Why no kernel-level UDP credentials
Unix Domain Sockets carry SCM_CREDENTIALS / LOCAL_PEERTOKEN /
SCM_CREDS per-datagram. UDP carries none of those. Even on a single
host where --udp-bind-addr 127.0.0.1 is used, any local process can
send to that port — there is no equivalent of --socket-mode 0600 for
network sockets. AEAD is the only durable defence.

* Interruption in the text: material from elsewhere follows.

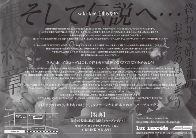 お陰様で前回で10回目を迎えることができましたXXZXCUZX ME。今回の7/13のイベントをもちまして、ついにファイナルとなります。今まで足を運びその足で踊ってくださった方々、支えてくださった皆様方、本当にありがとうございました!最後だからって湿っぽいのは嫌なので、イベントはいつも通り変わらぬ感じのオッペケペーでへルターのスケルターでお送りさせていただきます! 湿っぽいのは各自お家に帰って枕を湿らす程度にお願いします。泣くなよ。私も泣かねぇから…っべぇ、なんかしょっぱいや。ティッシュかハンカチ誰か貸してください! と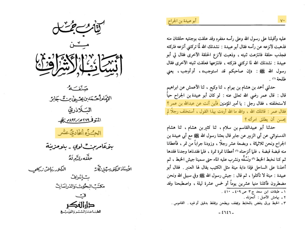 عن ﻭﻛﻴﻊ، ﺛﻨﺎ اﻷﻋﻤﺶ ﻋﻦ ﺇﺑﺮاﻫﻴﻢ ﻗﺎﻝ: ﻗﺎﻝ ﻋﻤﺮ : ﻟﻮ ﻛﺎﻥ ﺃﺑﻮ ﻋﺒﻴﺪﺓ ﺑﻦ اﻟﺠﺮاﺡ ﺣﻴﺎ ﻻﺳﺘﺨﻠﻔﺘﻪ، ﻓﻘﺎﻝ ﺭﺟﻞ: ﻳﺎ ﺃﻣﻴﺮ اﻟﻤﺆﻣﻨﻴﻦ ﻓﺄﻳﻦ ﺃﻥﺗ ﻋﻦ ﻋﺒﺪ اﻟﻠﻪ ﺑﻦ ﻋﻤﺮ؟

Recovery eligibility and transport-origin gating
Recovery commands (--recovery-cmd / --recovery-exec and the *-file
variants) take the stalled agent’s frame.pid and substitute it into
the spawned process (kill -9 {pid}, systemctl restart agent@{pid}.service,
etc.). That makes recovery a privileged action that targets an arbitrary
process by id — and means the wire-level frame.pid must be tied back to
the real sending process, not just to whoever holds an AEAD key.
The trust invariant
A recovery command MUST NEVER fire for a pid whose beat lifetime is not kernel-attested. In practice that means:
| Transport | Kernel-attested? | Recovery-eligible by default? |
|---|---|---|
| UDS | Yes — SO_PASSCRED / LOCAL_PEERTOKEN / SCM_CREDS | Yes |
| Plaintext UDP | No — peer_pid is always 0 | No |
| Secure UDP | No — frame is cryptographically authenticated but the kernel does not attest the sending process; a holder of the AEAD key (or a per-agent key derived from a leaked master key) can forge a beat for any pid | No |
Internally each beat is tagged with a BeatOrigin
(KernelAttested vs NetworkUnverified). The tracker pins the origin on
the slot’s first beat and rejects subsequent beats from a different
origin as Event::OriginConflict (counter:
varta_origin_conflict_total). First-origin-wins prevents an attacker on
an untrusted transport from “tainting” a slot that legitimately belongs to
a kernel-attested agent.
Two-layer enforcement
-
Startup hard-error. If any
--recovery-cmd/--recovery-cmd-file/--recovery-exec/--recovery-exec-fileis configured and--udp-portis set, the daemon refuses to start withConfigError::RecoveryRequiresAuthenticatedTransport. Operators must pass--i-accept-recovery-on-unauthenticated-transportto proceed. The flag is verbose by design (matches the--i-accept-<risk>convention) and shows up incargo tree/ startup banners. -
Runtime origin gate. Even with the accept flag,
Recovery::on_stallrefuses to spawn the recovery command when the stalled slot’s pinned origin isNetworkUnverified. The refusal returns the typedRecoveryOutcome::RefusedUnauthenticatedSource { pid }, incrementsvarta_recovery_refused_total{reason="unauthenticated_transport"}, and emits a structuredrefusedrecord into the recovery audit log (--recovery-audit-file). To enable UDP-origin recovery the operator must construct theRecoverywithwith_allow_unauthenticated_source(true)— a second, conscious choice on top of the startup flag.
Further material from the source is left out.